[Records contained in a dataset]
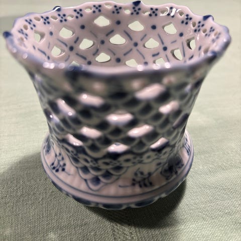 To fyrfadslys porcelæns bægre fra Royal Copenhagen- med guldtryk, musselmalet mønster. De er som ubrugte.
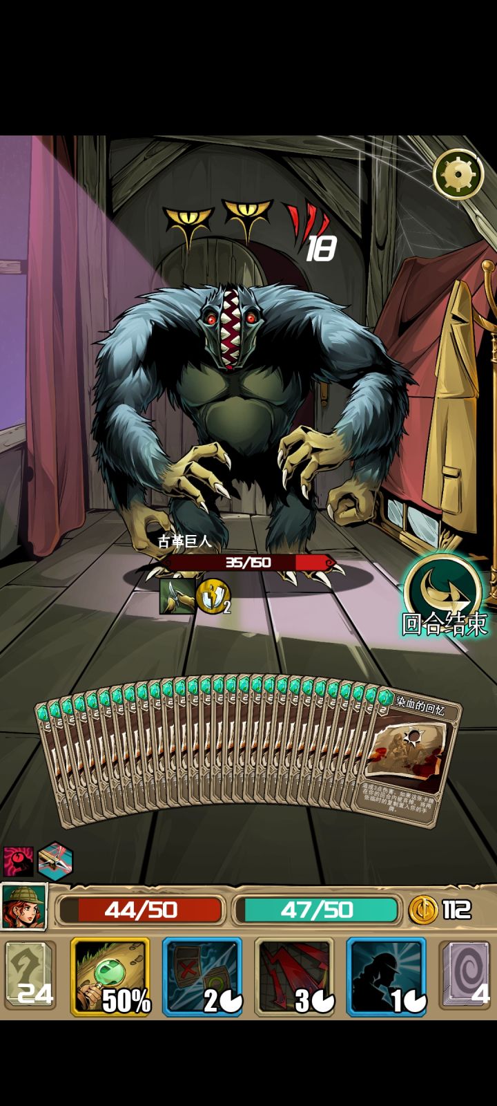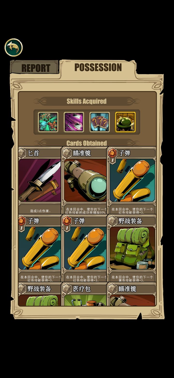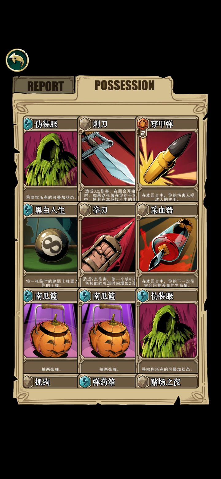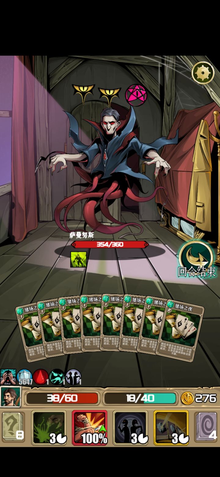 打的副本模式,终于通关了,最后boss吸血鬼。属于完全放弃红卡的打法,当然卡组里还存着一些废卡花不掉(红卡+3+50%等等卡手的卡),但没事有核心技能“以旧换新”,每回合可以放一次,可以弃掉所有手札得到临时卡(闪光弹手榴弹nb装备加理性的应有尽有,运气好点直接得到“赢的非boss战胜利”)。我第二个技能是打出移出游戏的卡的量的伤害,还有一张卡是装备卡(回合结束造成移出游戏卡*3的伤害),挺契合的。如果中间运气不好,直接退出应用重新读档就好了。打吸血鬼的时候,“死神召唤”在几回合内被刷新了好几次,直接把他送走了。而且就算手卡里被放满了无法打出的卡,也能被“以旧换新”换掉。嗯,至少这次游戏体验很好!
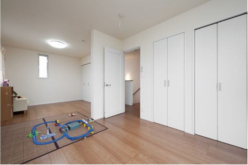 広い子供部屋は将来は2つの部屋に分けられるように、子どもの成長に合わせて使い方を工夫
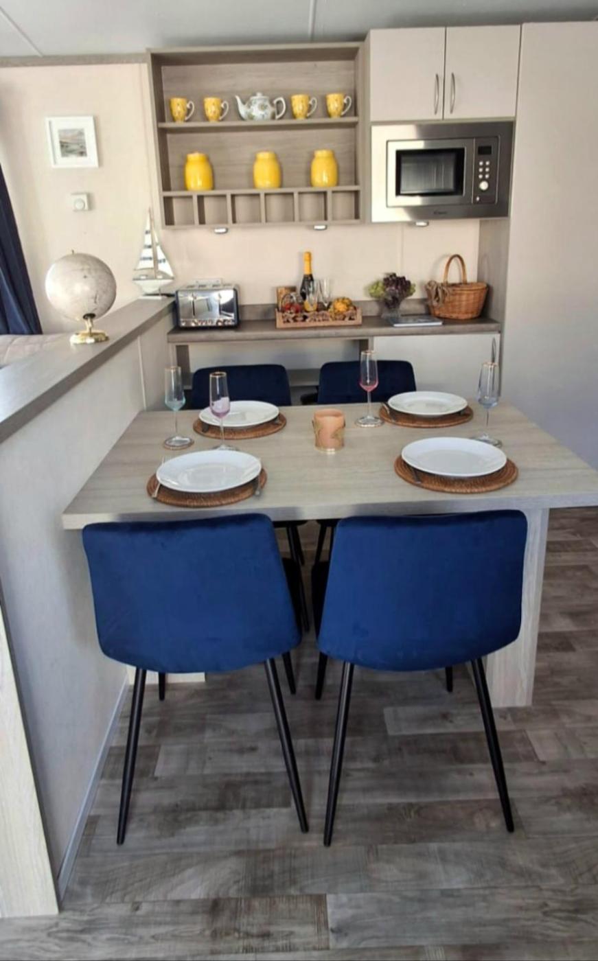 Mobile Home. This mobile home features a tea and coffee maker, a seating area, a flat-screen TV and an outdoor dining area. The unit offers 4 beds.
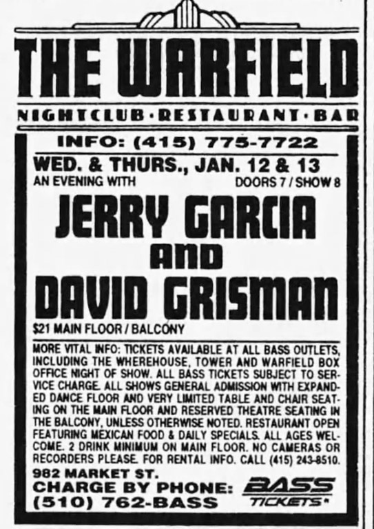 Sue: the two-night guarantee was $47,000, so $1,500 less per night than when JGB played the Warfield in October '93.
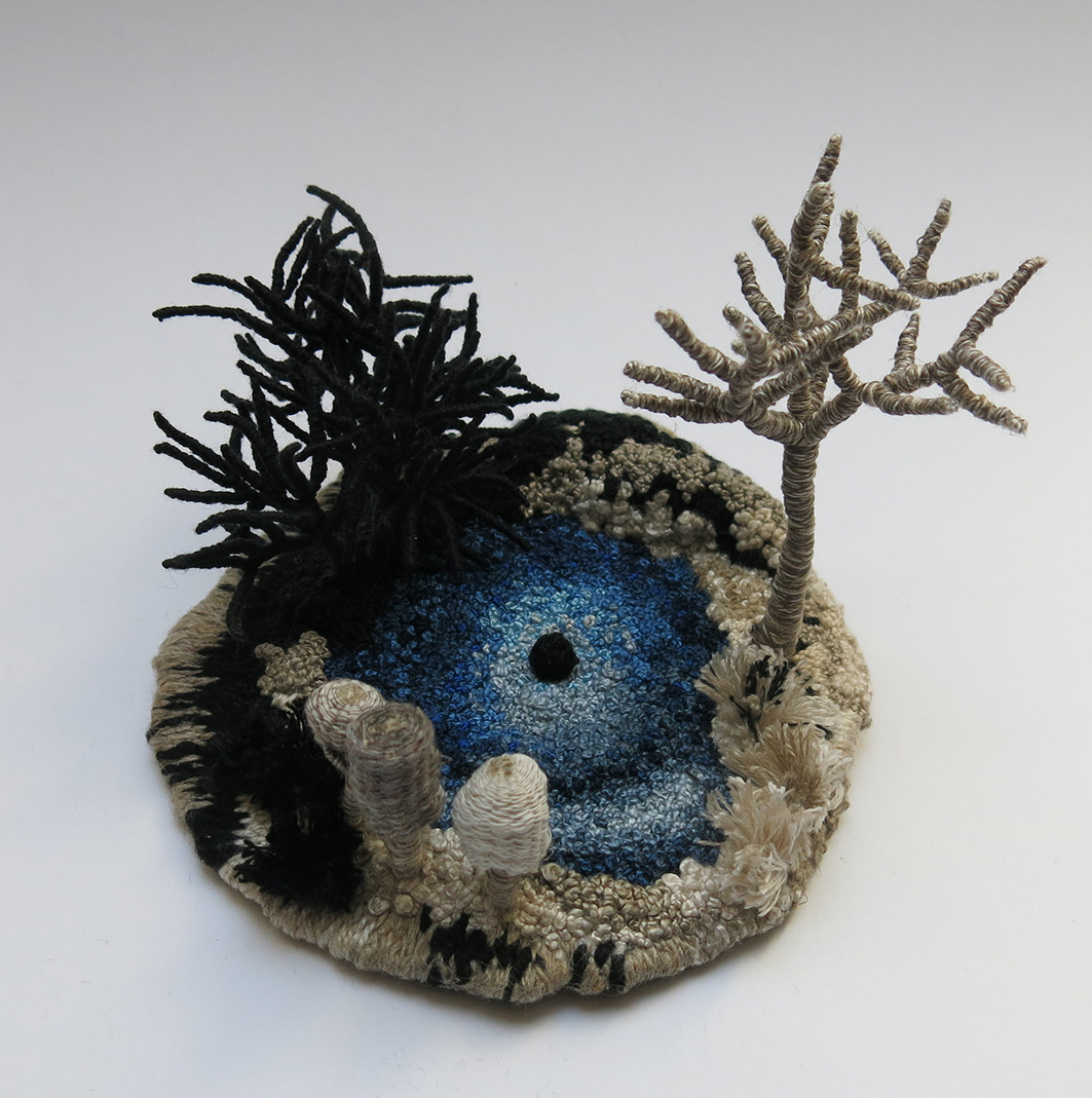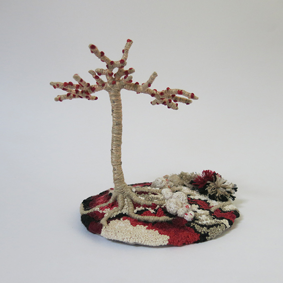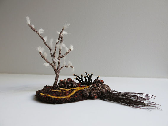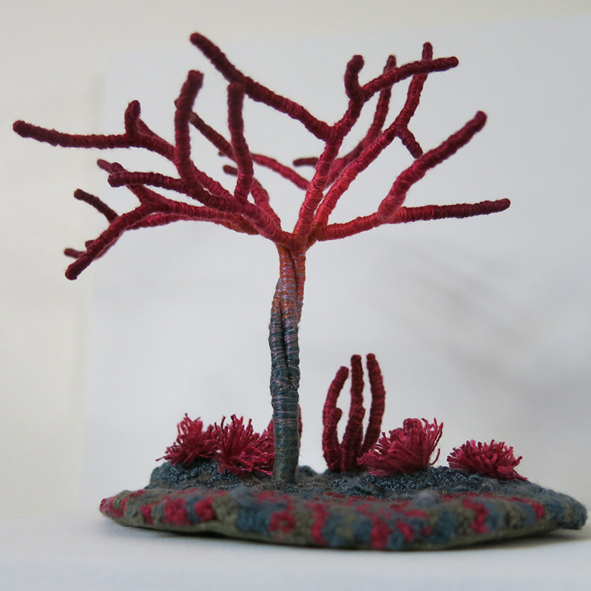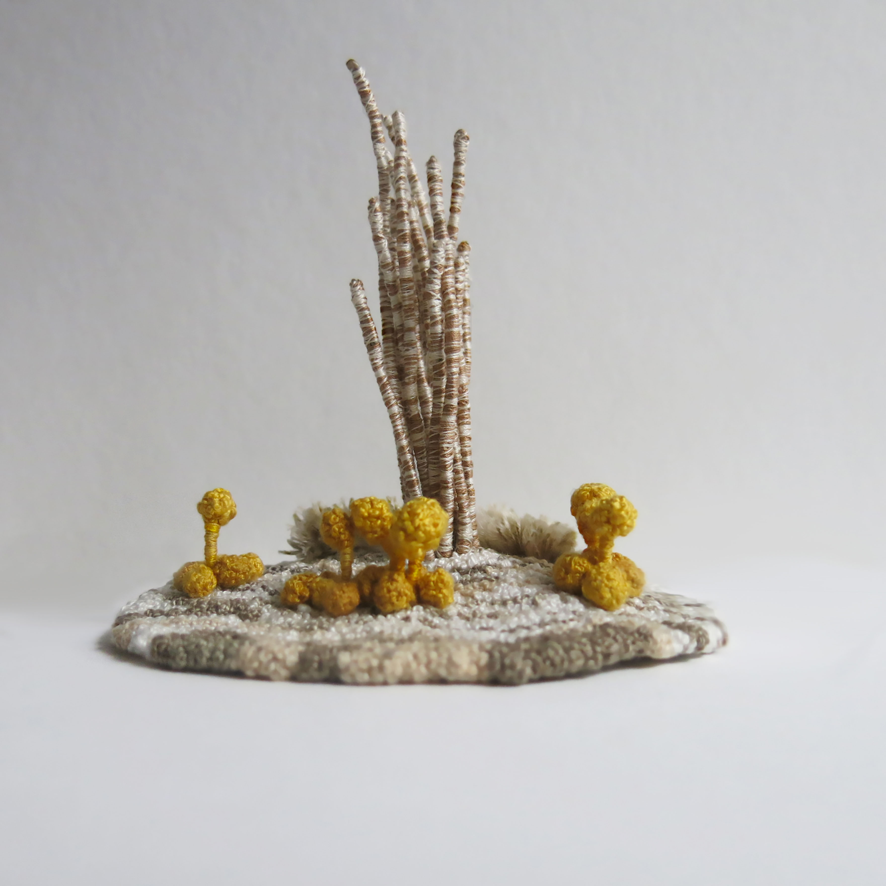 Broderie sur coton, coton perlé, ficelle de chanvre, fils divers
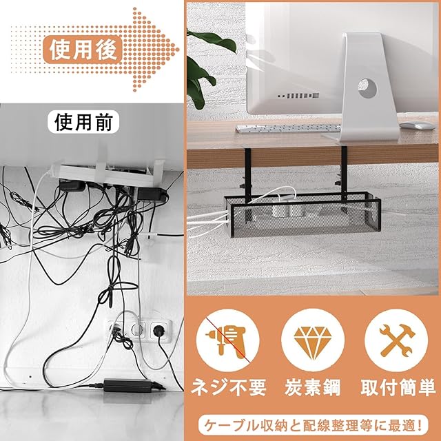 2【綺麗に収納・省スペース】ケーブル配線を効果的に整理し、プラグやルーターなどの機器をデスクの下に収納することで、デスクをより効率的にご利用いただけます。テーブルの前に置いてイヤホン充電ケーブルなどの小物を収納したり、キャビネットの下の調味料収納ラックとして使用したりできます。事務所の掃除、ケーブル収納と配線整理が簡単になります。
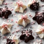 These Peppermint Meringues with Chocolate Drizzle are a festive and light treat perfect for the holiday season. Crispy on the outside and melt-in-your-mouth on the inside, the meringues are flavored with refreshing peppermint extract and topped with a delicious drizzle of melted white and semisweet chocolate, finished with a sprinkle of crushed candy canes for a delightful crunch and extra minty flavor.
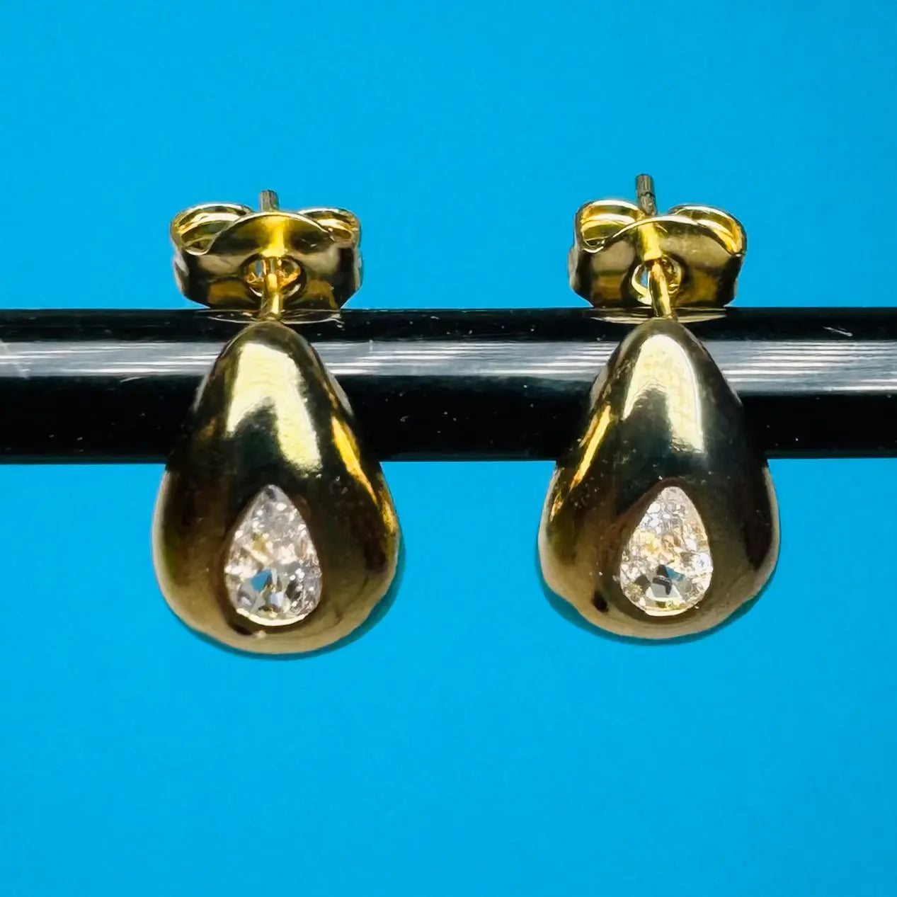 Örhängena är handgjorda i gulddoublé (18K på mässing) med en äkta zirkon.
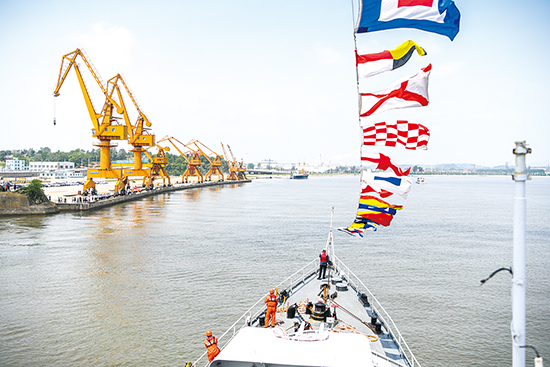 단동함은 퇴역 당일 해남 삼아에서 출발해 20여일 동안 해상 예인을 거쳐 남해, 동해, 황해를 경유해 압록강 입구를 통해 랑두항에 입항했다. “단동함”은 단동 시민들의 기대 속에서 3,600 해리를 항해했다.
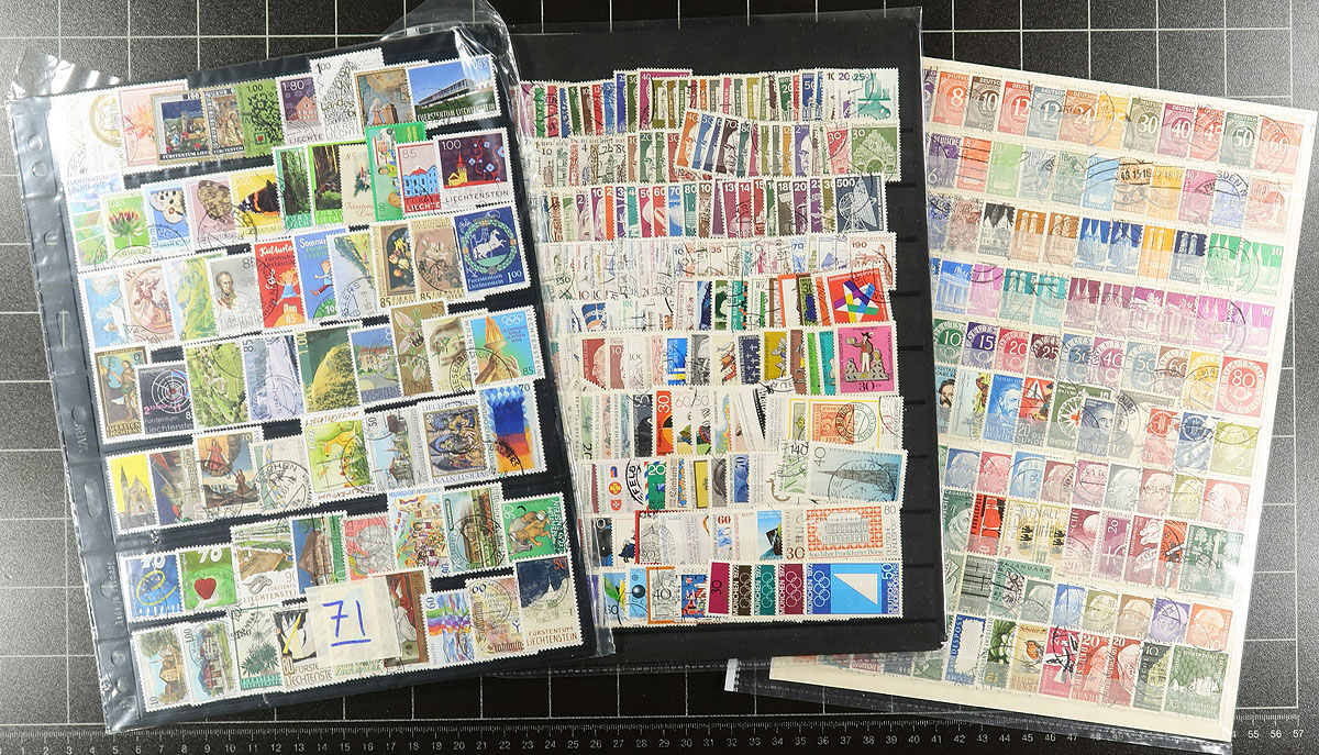 Europe. Large accumulation of used Europe, 1850's-1980s, containing many thousands of stamps in a variety of formats including several album pages, stock pages, a few stockbooks, and more. Most of the representation appears to be from Germany, Austria, Switzerland, Luxembourg, Netherlands, Poland, Italy, and a few more, noting singles, sets, partial sets, souvenir sheets, and back of the book material. Most of the material has been catalogued by the owner, with an older value totaling US$1,255.00, leaving potential finds, including better postmarks, to the dedicated collector. A good lot for the worldwide postmark hunter, overall fine to very fine. Estimate =
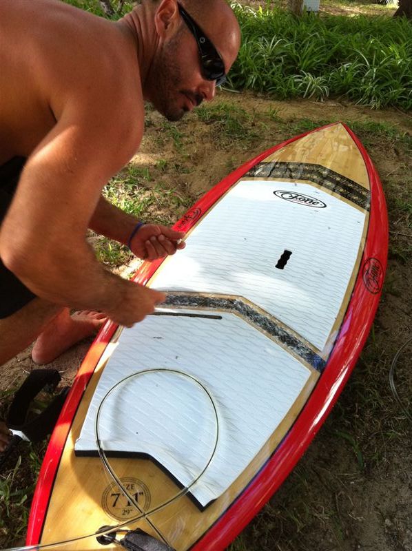 The next morning I tried out all the surfsups, surprised at how stable the Madeiro shortboards were, not surprised at how manouvreable they are. The Madeiro was named after a surfbreak in the wilds of Brazil, long and barreling but great for aerials. Anakao after a hollow dangerous reefbreak in remotest Madagaskar, where speed is everything. There was lots of water moving around out on the reef so I eventually settled in for a 2 hr session on the 9’1x29.5 Anakao thruster in the well overhead rights between chameaux and little reefs. It’s a fair paddle out there, again 9’1 making short work of it compared to 7’7 haha. The Anakao really charges, very aggressive rails and super fast outline with so much bite and drive you just want to go deeper everytime. Raph was on the Madeiro quad and as we traded waves I could see differences like the Anakao taking waves earlier and easier, but the Madeiro getting snappier turns of course. Both boards handled the fast and somewhat bumpy waves no problem, I know the Anakao thruster would generally be easier though. The bevel rails definitely are the go on sups, heaps better for surfing, so much less prone to catch, and keeping stability where its needed. I even made a few (little) floaters which I did not expect to, the boards just sticking to the line and staying steady under me despite lots of whitewater. These boards are going to ruffle a few feathers when they hit our aussie waters, they really step it up bigtime. The F-one paddles too are totally kickass, keeping it simple there is full carbon, or 70% and then adjustable glass all 3 available in either peak thinblade or battle fatblade all with abs edge. The abs edge technology is borrowed from F-one twintip kiteboard range, well proven. A subtle yet effective V in the top wards off any wobble, and transforms every bit of effort into drive. I don’t paddle much so I really appreciated the peak 70%, it was just right lightness, just the right stiffness and just the right blade for mixing it up. Typical of F-one they look top notch too. Using a unique blade to shaft flush connection gets a better weight and transfer of power, also less risk to rails. I got more sessions the next day and could not believe how featherlight the 100% carbon at 500grams felt in my hands, definitely getting one of those. Just got to make up my mind which F-one sup board…. Not easy when they are all so damn prime. Take a look at f-onesup.com Theres no eta date in Oz yet, but I am pushing and if you are keen email@m8kite.com OK.

### Exercise
Without including any pictures, repeat the records above exactly.

### Exercise response
 To fyrfadslys porcelæns bægre fra Royal Copenhagen- med guldtryk, musselmalet mønster. De er som ubrugte.
 打的副本模式,终于通关了,最后boss吸血鬼。属于完全放弃红卡的打法,当然卡组里还存着一些废卡花不掉(红卡+3+50%等等卡手的卡),但没事有核心技能“以旧换新”,每回合可以放一次,可以弃掉所有手札得到临时卡(闪光弹手榴弹nb装备加理性的应有尽有,运气好点直接得到“赢的非boss战胜利”)。我第二个技能是打出移出游戏的卡的量的伤害,还有一张卡是装备卡(回合结束造成移出游戏卡*3的伤害),挺契合的。如果中间运气不好,直接退出应用重新读档就好了。打吸血鬼的时候,“死神召唤”在几回合内被刷新了好几次,直接把他送走了。而且就算手卡里被放满了无法打出的卡,也能被“以旧换新”换掉。嗯,至少这次游戏体验很好!
 広い子供部屋は将来は2つの部屋に分けられるように、子どもの成長に合わせて使い方を工夫
 Mobile Home. This mobile home features a tea and coffee maker, a seating area, a flat-screen TV and an outdoor dining area. The unit offers 4 beds.
 Sue: the two-night guarantee was $47,000, so $1,500 less per night than when JGB played the Warfield in October '93.
 Broderie sur coton, coton perlé, ficelle de chanvre, fils divers
 2【綺麗に収納・省スペース】ケーブル配線を効果的に整理し、プラグやルーターなどの機器をデスクの下に収納することで、デスクをより効率的にご利用いただけます。テーブルの前に置いてイヤホン充電ケーブルなどの小物を収納したり、キャビネットの下の調味料収納ラックとして使用したりできます。事務所の掃除、ケーブル収納と配線整理が簡単になります。
 These Peppermint Meringues with Chocolate Drizzle are a festive and light treat perfect for the holiday season. Crispy on the outside and melt-in-your-mouth on the inside, the meringues are flavored with refreshing peppermint extract and topped with a delicious drizzle of melted white and semisweet chocolate, finished with a sprinkle of crushed candy canes for a delightful crunch and extra minty flavor.
 Örhängena är handgjorda i gulddoublé (18K på mässing) med en äkta zirkon.
 단동함은 퇴역 당일 해남 삼아에서 출발해 20여일 동안 해상 예인을 거쳐 남해, 동해, 황해를 경유해 압록강 입구를 통해 랑두항에 입항했다. “단동함”은 단동 시민들의 기대 속에서 3,600 해리를 항해했다.
 Europe. Large accumulation of used Europe, 1850's-1980s, containing many thousands of stamps in a variety of formats including several album pages, stock pages, a few stockbooks, and more. Most of the representation appears to be from Germany, Austria, Switzerland, Luxembourg, Netherlands, Poland, Italy, and a few more, noting singles, sets, partial sets, souvenir sheets, and back of the book material. Most of the material has been catalogued by the owner, with an older value totaling US$1,255.00, leaving potential finds, including better postmarks, to the dedicated collector. A good lot for the worldwide postmark hunter, overall fine to very fine. Estimate =
 The next morning I tried out all the surfsups, surprised at how stable the Madeiro shortboards were, not surprised at how manouvreable they are. The Madeiro was named after a surfbreak in the wilds of Brazil, long and barreling but great for aerials. Anakao after a hollow dangerous reefbreak in remotest Madagaskar, where speed is everything. There was lots of water moving around out on the reef so I eventually settled in for a 2 hr session on the 9’1x29.5 Anakao thruster in the well overhead rights between chameaux and little reefs. It’s a fair paddle out there, again 9’1 making short work of it compared to 7’7 haha. The Anakao really charges, very aggressive rails and super fast outline with so much bite and drive you just want to go deeper everytime. Raph was on the Madeiro quad and as we traded waves I could see differences like the Anakao taking waves earlier and easier, but the Madeiro getting snappier turns of course. Both boards handled the fast and somewhat bumpy waves no problem, I know the Anakao thruster would generally be easier though. The bevel rails definitely are the go on sups, heaps better for surfing, so much less prone to catch, and keeping stability where its needed. I even made a few (little) floaters which I did not expect to, the boards just sticking to the line and staying steady under me despite lots of whitewater. These boards are going to ruffle a few feathers when they hit our aussie waters, they really step it up bigtime. The F-one paddles too are totally kickass, keeping it simple there is full carbon, or 70% and then adjustable glass all 3 available in either peak thinblade or battle fatblade all with abs edge. The abs edge technology is borrowed from F-one twintip kiteboard range, well proven. A subtle yet effective V in the top wards off any wobble, and transforms every bit of effort into drive. I don’t paddle much so I really appreciated the peak 70%, it was just right lightness, just the right stiffness and just the right blade for mixing it up. Typical of F-one they look top notch too. Using a unique blade to shaft flush connection gets a better weight and transfer of power, also less risk to rails. I got more sessions the next day and could not believe how featherlight the 100% carbon at 500grams felt in my hands, definitely getting one of those. Just got to make up my mind which F-one sup board…. Not easy when they are all so damn prime. Take a look at f-onesup.com Theres no eta date in Oz yet, but I am pushing and if you are keen email@m8kite.com OK.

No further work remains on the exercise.